■ Task brief ■
Your task is to restate word for word the lines in the material below, from the one with "Manteau long, droit" up to and including the one with "观音右膝曲起,右臂置于右膝之". Do not carry over the pictures.

___ Data for this exercise ___

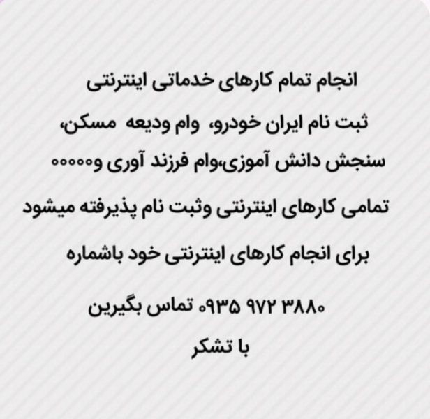 باانجام تمامی خدمات اینترنتی غیرحضوری درخدمت عزیزان هستیم. ثبت نام ایران خودرو. ثبت نام وامهای فرزنداوری. ودیعه مسکن و… ثبت سجام و ابلاغیه الکترونیکی . سنجش دانش اموزان و کلیه خدمات اینترنتی .
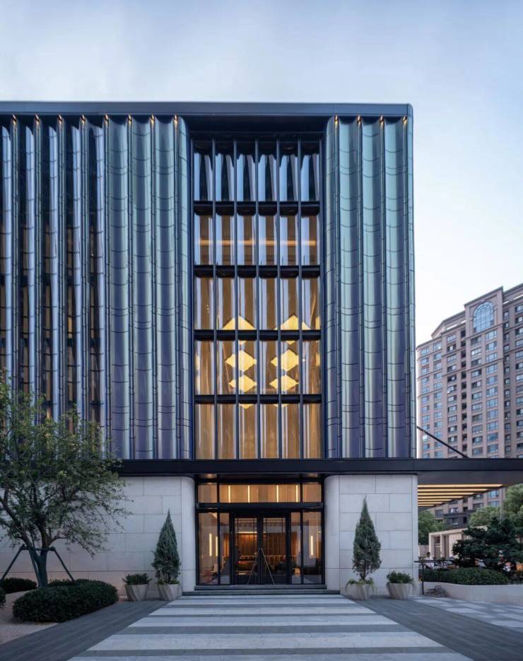 金属铝板外立面:中层与上层采用高品质金属铝板,耐腐蚀、抗老化、历久弥新,搭配精致线条与凹凸肌理,提升建筑的精致度与高级感,在阳光下呈现细腻光泽,彰显顶奢住宅的沉稳大气。
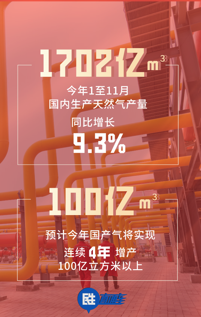 一是國內(nèi)生產(chǎn)穩(wěn)定。今年1至11月,國內(nèi)生產(chǎn)天然氣1702億立方米,比去年同期增長9.3%,預計今年國產(chǎn)氣將實現(xiàn)連續(xù)4年增產(chǎn)100億立方米以上,這為穩(wěn)定供氣奠定扎實基礎。
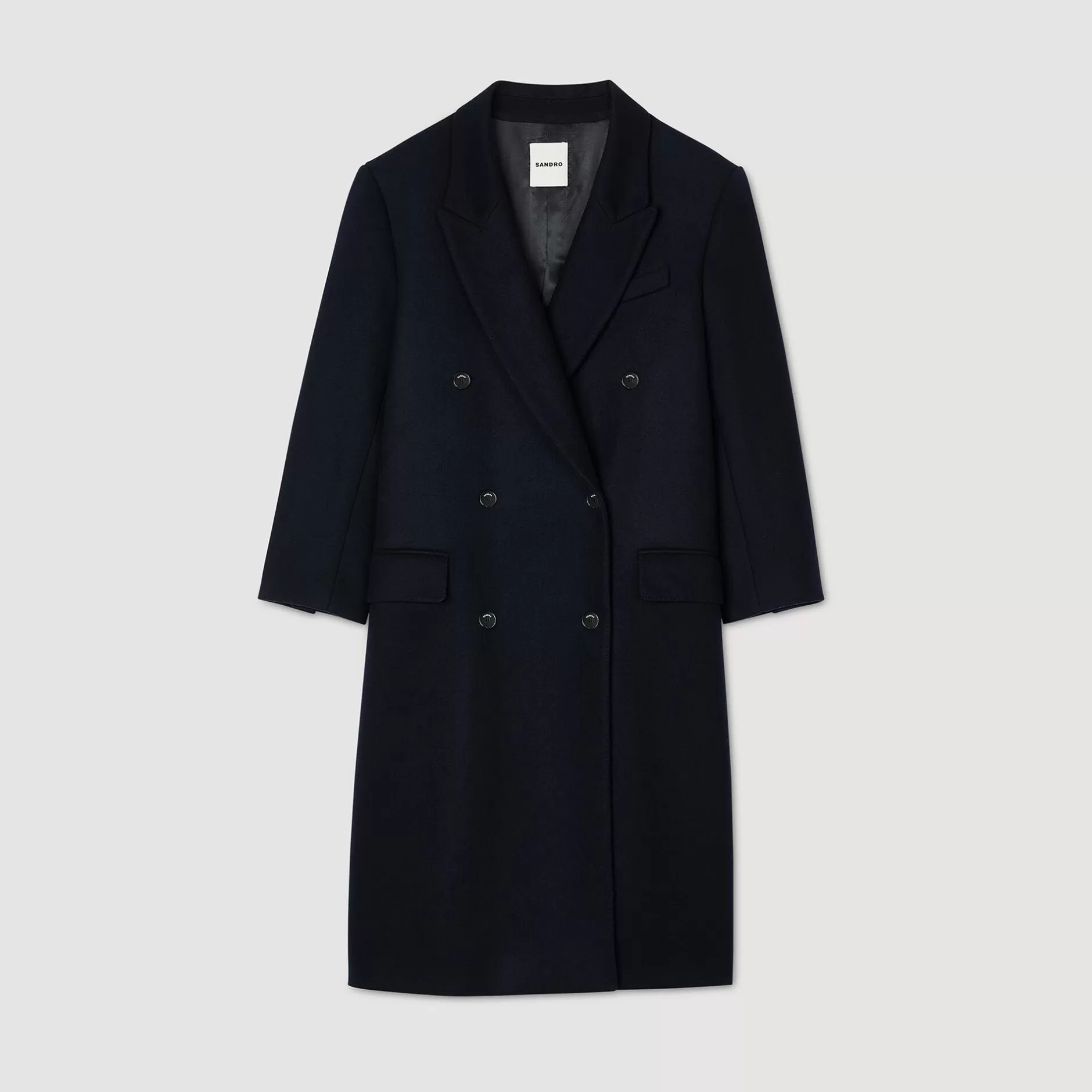 Manteau long, droit et oversize en laine mélangée, muni d’un col à revers, de manches longues à fentes aux poignets, d’une fermeture à double boutonnage et de poches à rabats.
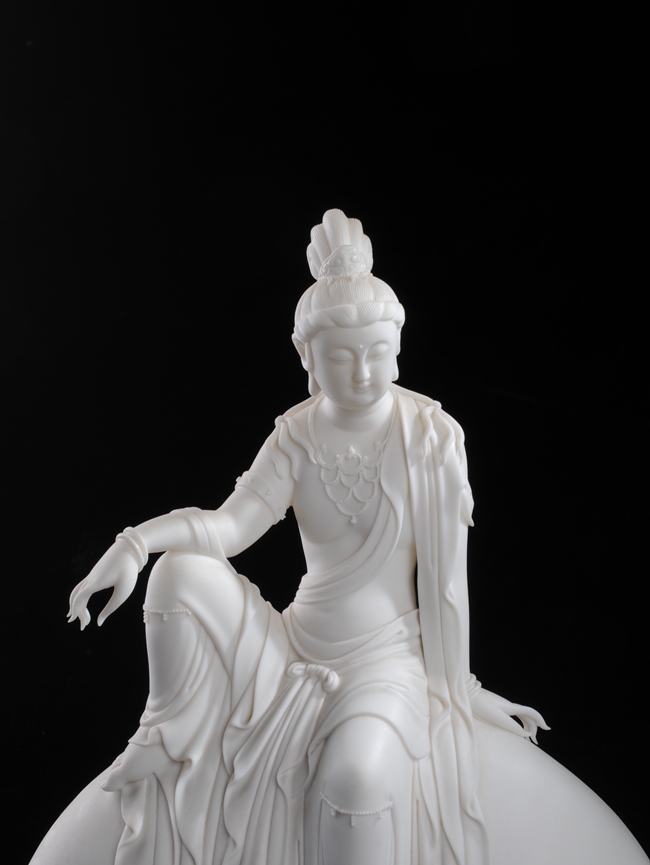 观音右膝曲起,右臂置于右膝之上,手指微翘;左腿自然垂下,左手为支撑点,自在闲适之感跃然眼前。又因其材质洁白如玉,颇有纯净神圣之感。
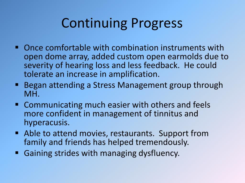 Continuing Progress • Once comfortable with combination instruments with open dome array, added custom open earmolds due to severity of hearing loss and less feedback. He could tolerate an increase in amplification. • Began attending a Stress Management group through MH. • Communicating much easier with others and feels more confident in management of tinnitus and hyperacusis. • Able to attend movies, restaurants. Support from family and friends has helped tremendously. • Gaining strides with managing dysfluency.
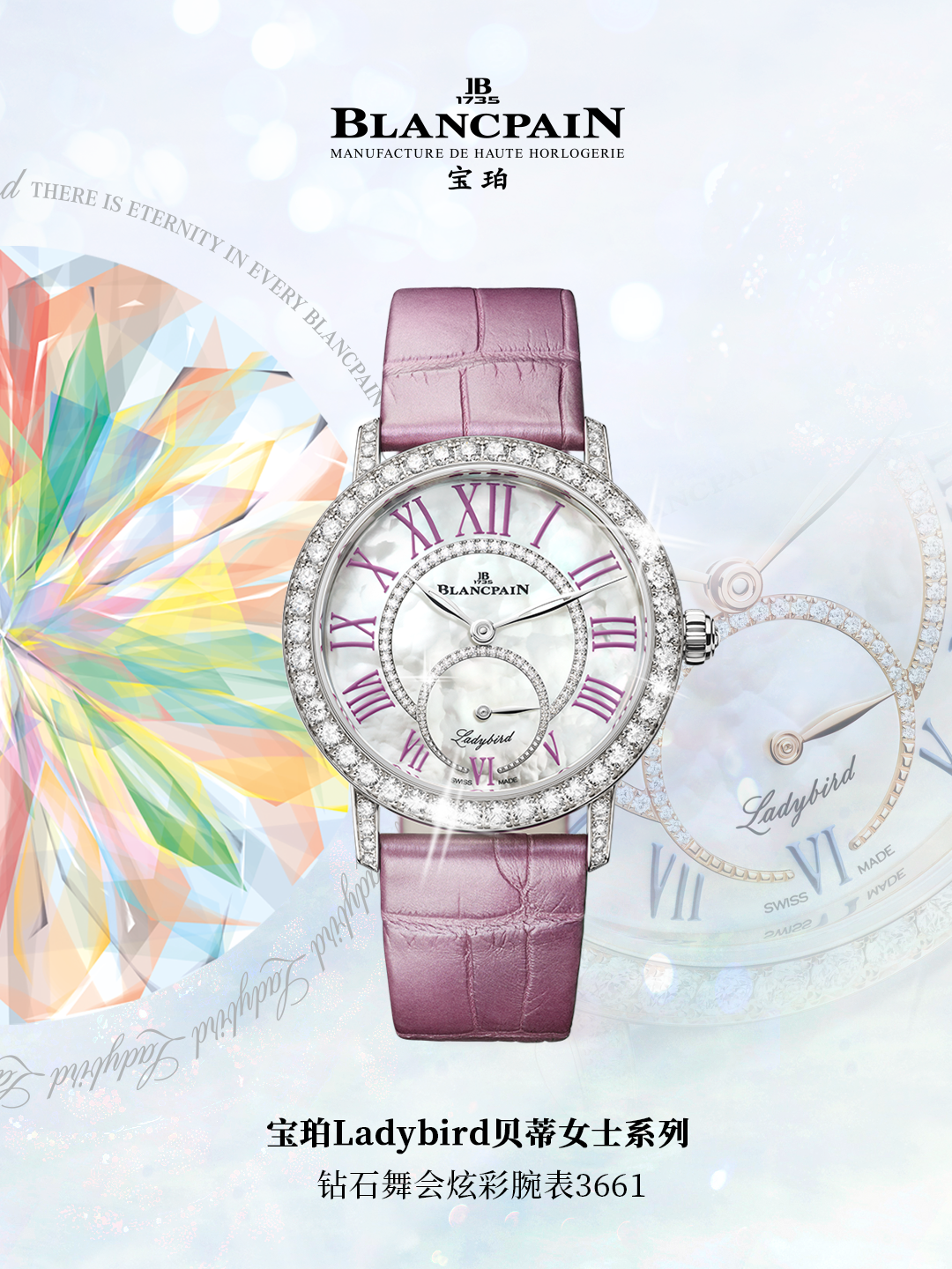宝珀Ladybird贝蒂女士系列,专为女性创作的高级女士机械腕表,彰显“独立、浪漫、智慧与高贵“的女性精神与闪耀时光。

___

■ Your solution ■
 Manteau long, droit et oversize en laine mélangée, muni d’un col à revers, de manches longues à fentes aux poignets, d’une fermeture à double boutonnage et de poches à rabats.
 观音右膝曲起,右臂置于右膝之上,手指微翘;左腿自然垂下,左手为支撑点,自在闲适之感跃然眼前。又因其材质洁白如玉,颇有纯净神圣之感。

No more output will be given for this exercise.